ENTRE
TEMPOS
Chovia uma
chuva fina e gelada e fazia um frio de lâmina de faca. A curtos espaços de
tempo, repentino, o manto de névoa caía para, dali a poucos minutos, se
desvanecer numa estranha limpidez.
À espera do
futuro, olhava o longe, pela janela. Deixava os olhos passearem pelos
castanheiros que se erguiam altos e esguios, na sua nudez perturbante e, na
distância, deixava-os vaguear por montes e vales, casarios e descampados.
Continuava a conversar contigo nessas horas eternas em que conversávamos, as
horas boas da minha vida.
Naquele tempo,
vivia nas nuvens. Ouvia-te e pequenos ecos de luz iluminavam-me os olhos.

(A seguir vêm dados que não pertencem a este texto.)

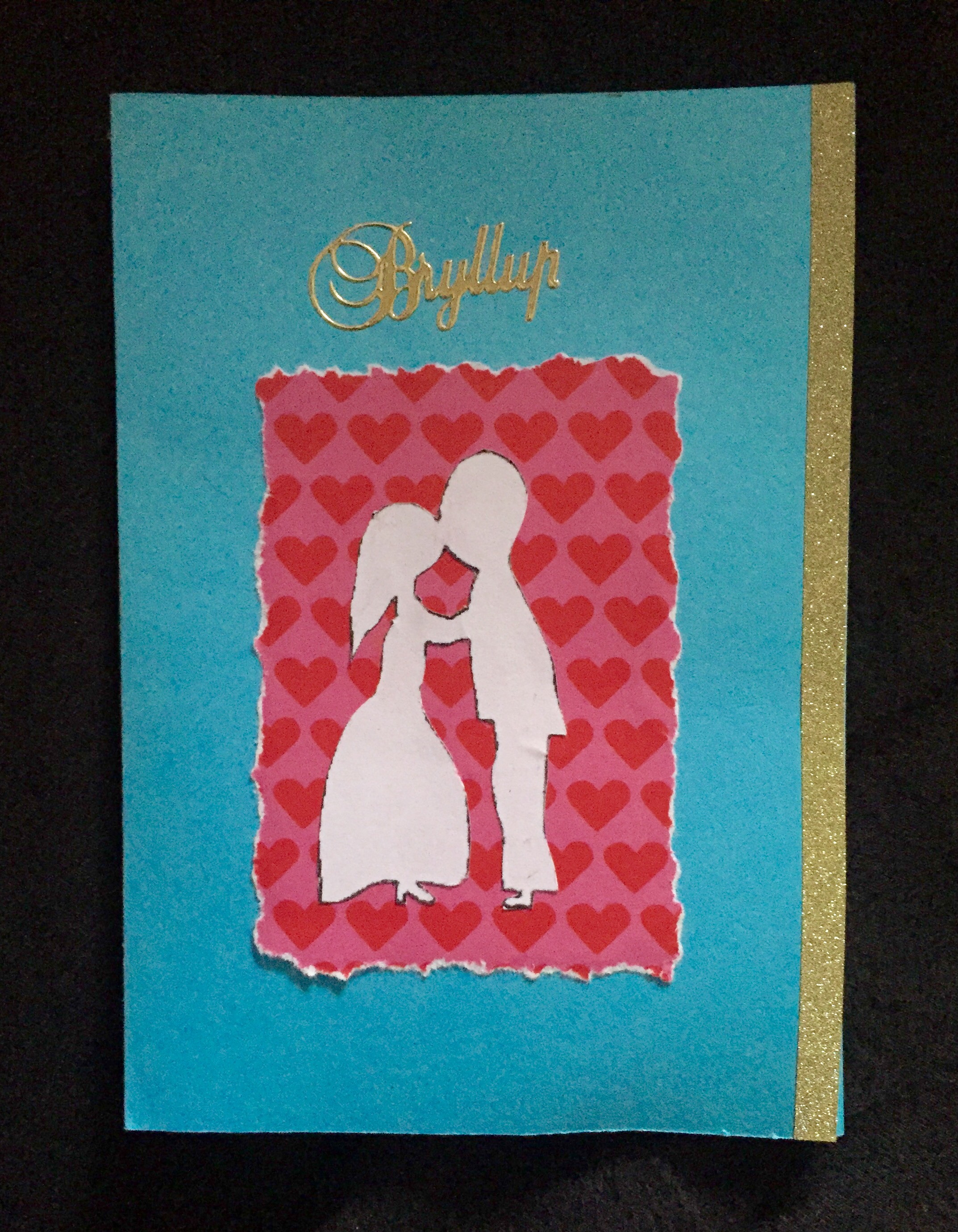 Jeg tegnede motivet af brud og brudgom på et lille papir og scannede ind på computeren, hvorefter jeg redigerede størrelsen, så de blev den størrelse jeg syntes var passende. Derefter skar jeg motivet ud med skalpel. Hjertepapiret er købt i Tiger og målt op og derefter revet i kanterne. Lys Blå karton købt i panduro Hobby, blev skåret til så de passede med en dobbel 10*15 cm. Dette kan også købes så man kun selv skal folde, men det er lige lidt dyrere end hvis man køber et stort karton og selv skærer. Glimmerbånd til kant fandt jeg i netto til 10 kr. Og bryllupsklistermærker også købt i panduro Hobby til 10 kr.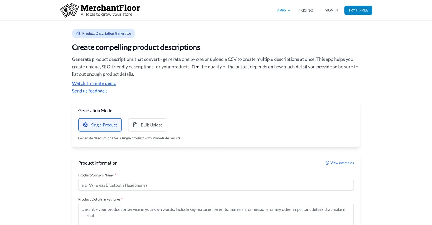 Благодаря двум режимам генерации - одиночный продукт и массовая загрузка - вы можете настроить рабочий процесс в соответствии с вашими потребностями. За считанные секунды можно написать убедительные описания для одного товара или загрузить CSV-файл для создания нескольких описаний сразу, что идеально подходит для масштабного обновления инвентаря.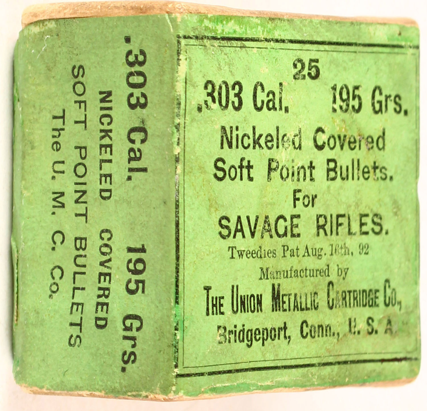 UMC, .303 Cal. 195 Grs. Nickeled Covered Soft Point Bullets, FULL & SEALED, 2pc. Buff box with green wraparound label, box is solid with excellent color, some age soiling, very minor shelf & corner wear, edges are mostly crisp, label is intact. Grade: Excellent - Value: 10 to 60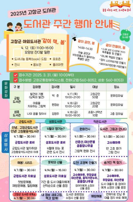 고창군도서관은 13일 2025 고창군 야외도서관 ‘같이 책, 봄’ 행사를 오전 11시부터 오후 4시까지 고창읍성 잔디광장에서 진행한다.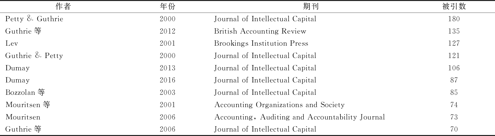作者年份期刊被引数Petty & Guthrie2000Journal of Intellectual Capital180Guthrie等2012British Accounting Review135Lev2001Brookings Institution Press127Guthrie & Petty2000Journal of Intellectual Capital121Dumay2013Journal of Intellectual Capital106Dumay2016Journal of Intellectual Capital87Bozzolan等2003Journal of Intellectual Capital85Mouritsen等2001Accounting Organizations and Society74Mouritsen2006Accounting, Auditing and Accountability Journal73Guthrie等2006Journal of Intellectual Capital70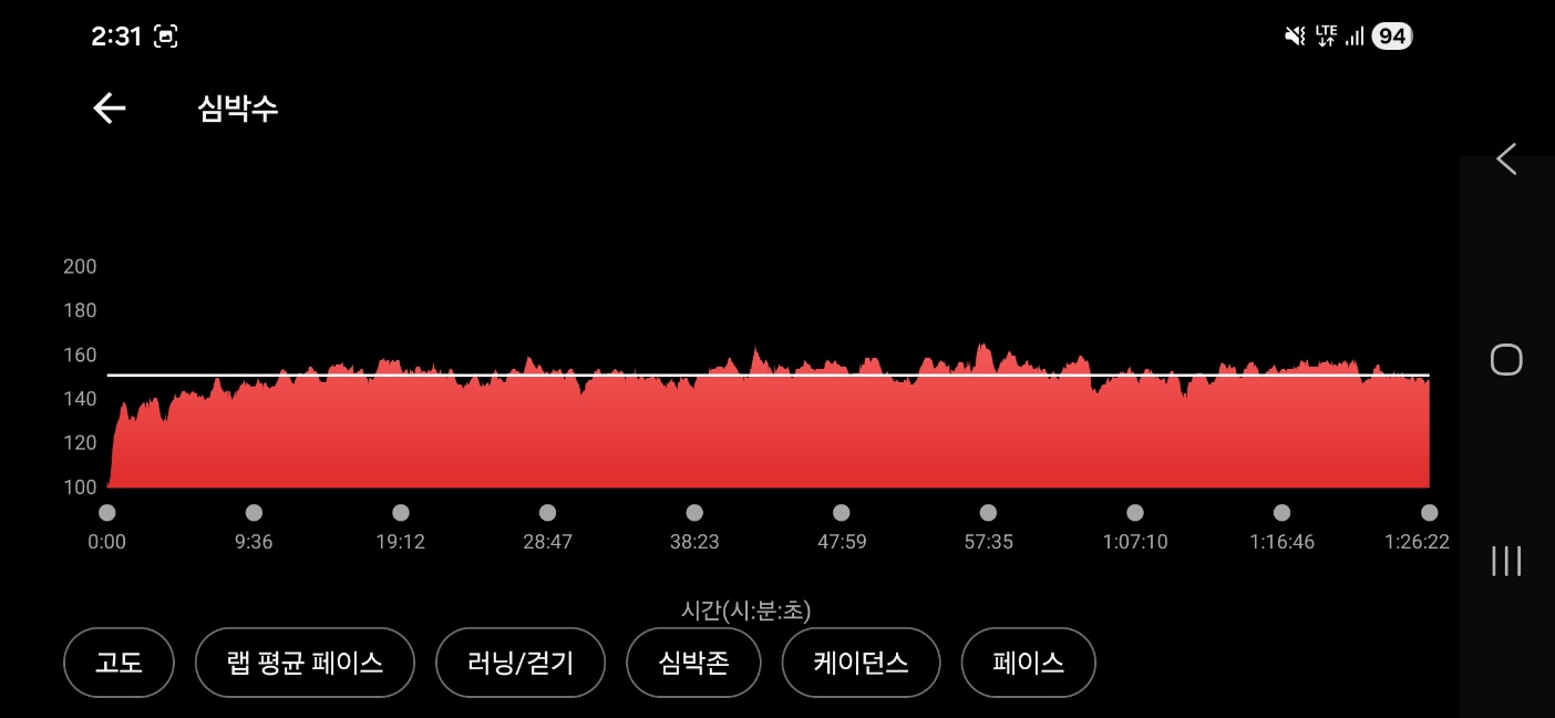 - 시간 : 1시간 이상도 무리 없다. 다만 워밍업과 쿨다운은 철저히.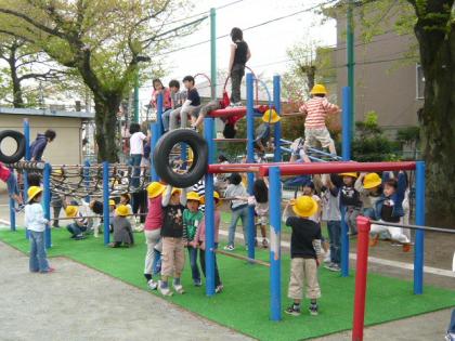 4/16 外遊びデビュー 公開日 2008/04/16 更新日 2008/04/16 学年 1年生は、今日から休み時間の外遊びデビューです。担任の先生と遊んだり、遊具で遊んだりしていました。黄色い帽子をかぶっているのが、1年生です。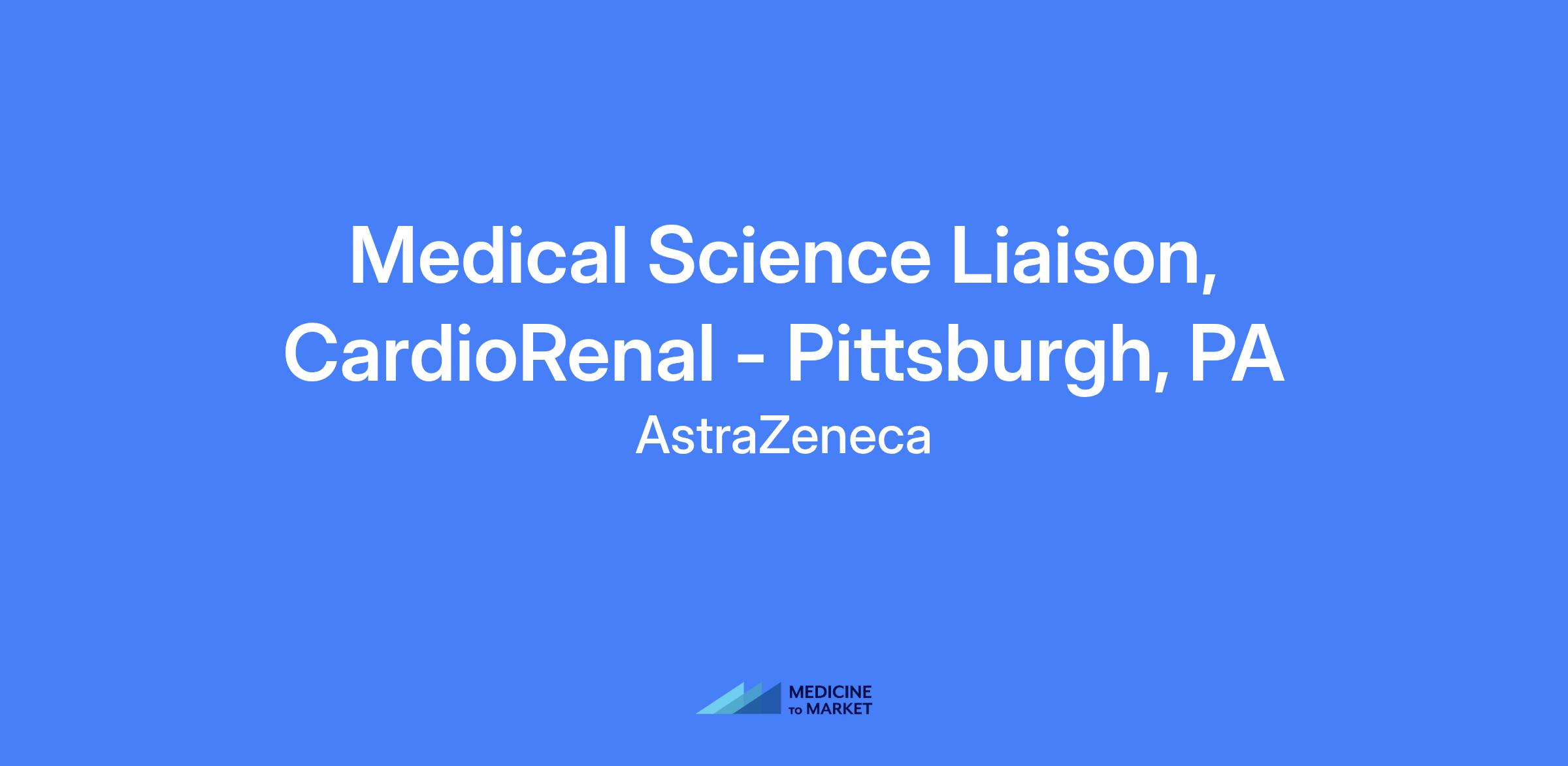 Medical Science Liaison, CardioRenal - Pittsburgh, PA. The role focuses on providing medical and scientific support for Cardiorenal products, engaging with KOLs, KDMs, and HCPs, and driving practice change to improve patient outcomes within the CVR therapeutic area.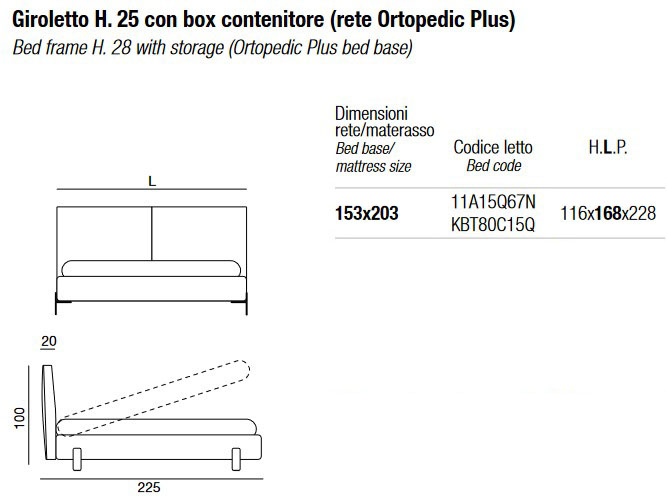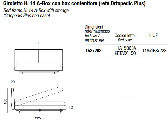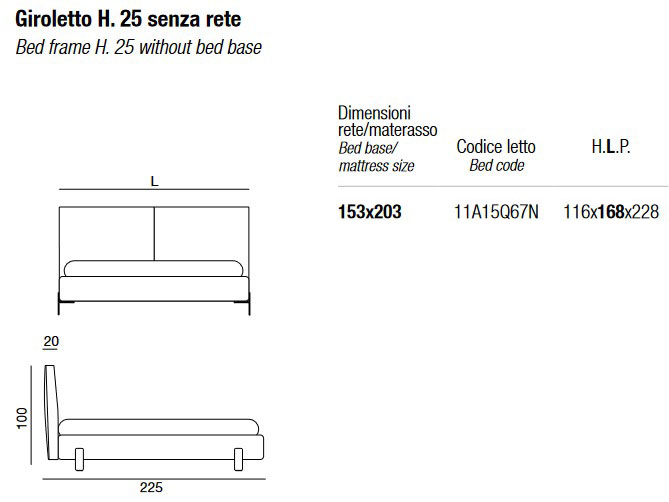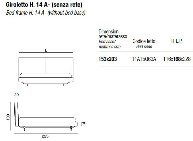 The versions with bed frame H. 14 or H. 25 can be combined with the following feet: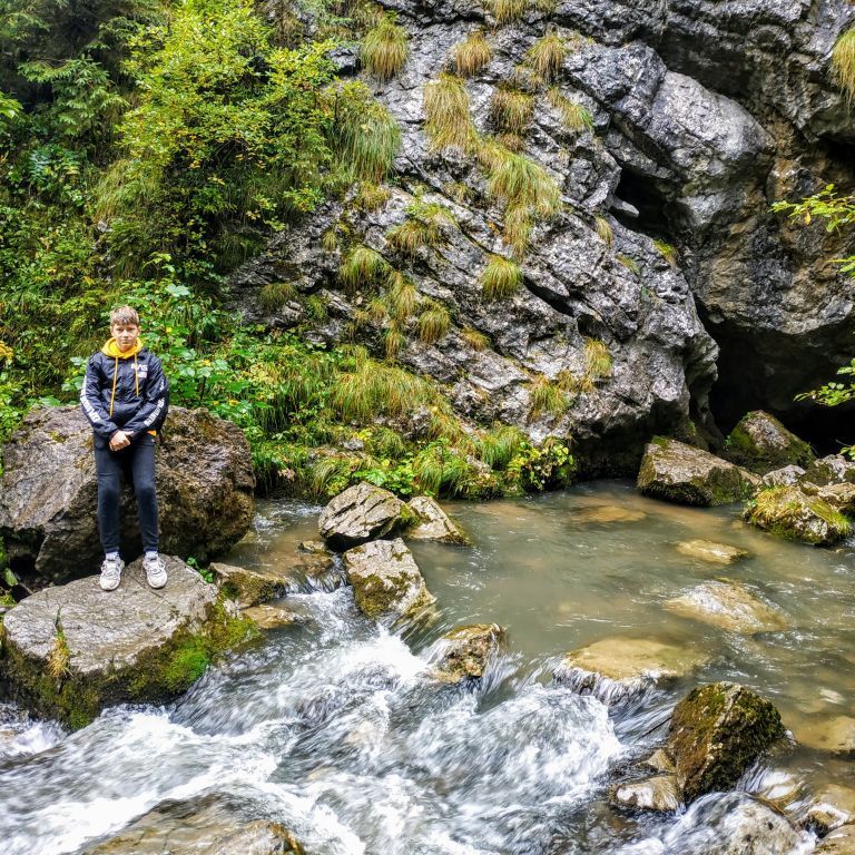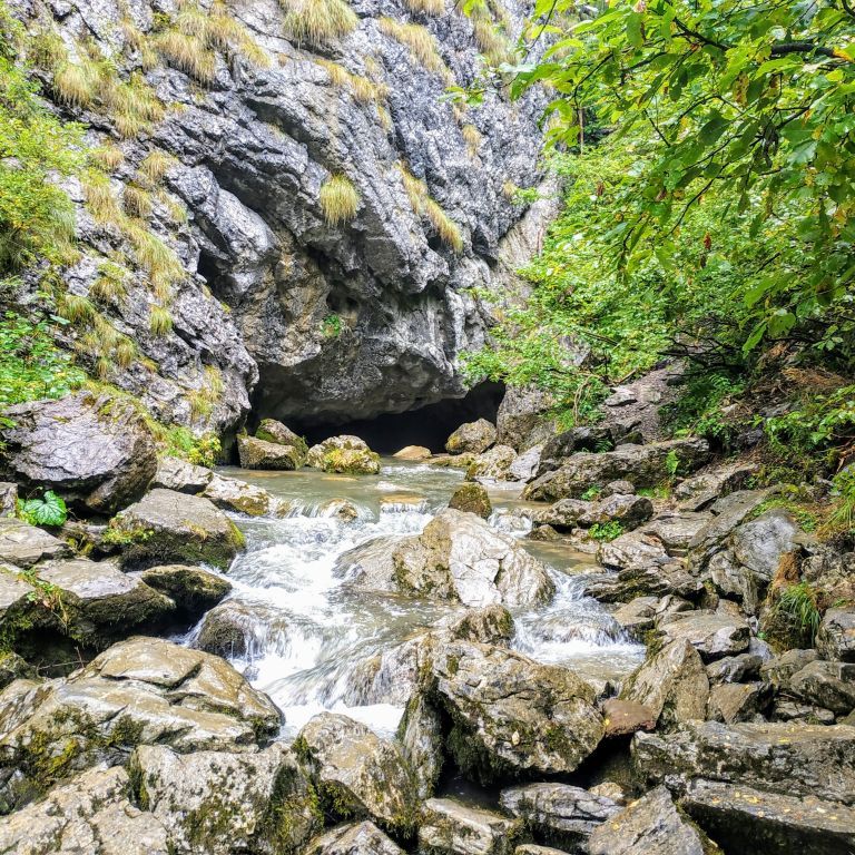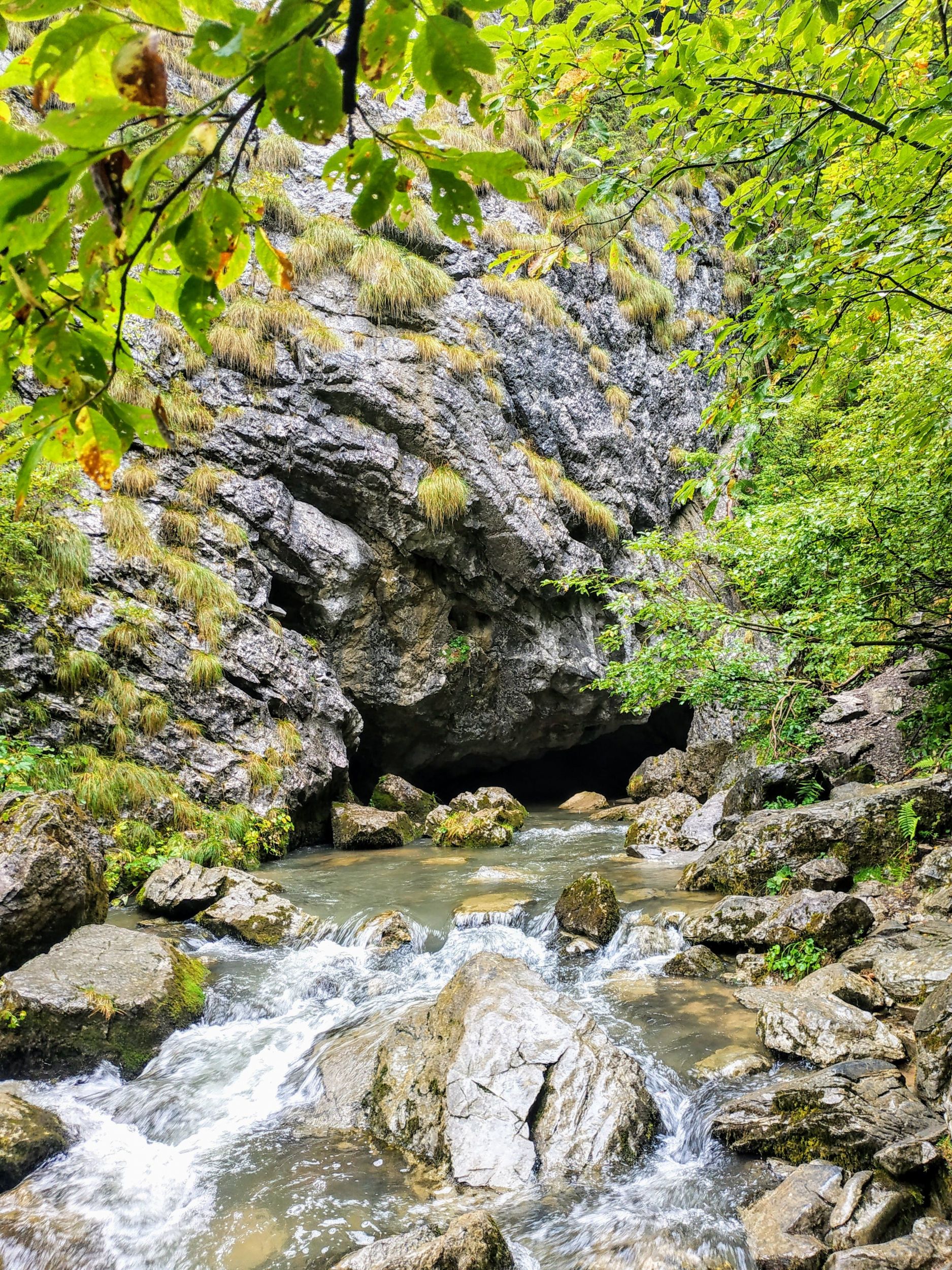 Jól látható, köves úton folytattuk a túrát a Hamlet-barlang irányába. A völgyben addig kell haladni, ameddig az úton jobb kéz felől egy félig kész épület romjait pillantjuk meg. A romok mögött kell a Medve-patakon átkelni, majd a vízfolyást követve elénk tárul a különös nevet viselő barlang. A Hamlet-barlang (Peștera Căput) összegyűjti és elnyeli a Medve-völgybeli vizeket. Az elmúlt napok esőzéseinek köszönhetően, a patak vize szinte minden átkelést segítő követ ellepett. Szerencsénkre, láthatatlan segítő kezek két kidőlt fát olyan módon fektettek a patak fölé, hogy ha még kalandosan is, de át tudtunk kelni a patak vizén. A gyerekek nagyon élvezték a farönkökön való egyensúlyozást.

Entre
nós cada palavra tinha uma sombra. Tudo era intensidade premente.
Naquele tempo,
o imaginado voo das tuas mãos adoçava o tempo.
Naquele tempo,
ora trovejava em mim um mar revolto de desassossego ora deslizava um rio manso
de tranquilidade.
Agora, a vida
conquistou-nos para a normalidade, cavando um fosso entre nós. Como sereia
chamando do abismo, desenhou-nos caminhos diferentes. Náufragos do mesmo barco,
rumámos direções diferentes. Perdemo-nos.
Agora,
chove-me nos olhos a tua ausência, aguadilha-se na boca este vazio.
Agora, a minha
saudade tem a cor da tua voz, o cheiro do teu riso, a macieza da tua alma.
Agora, a
saudade corre por dentro da distância entre nós.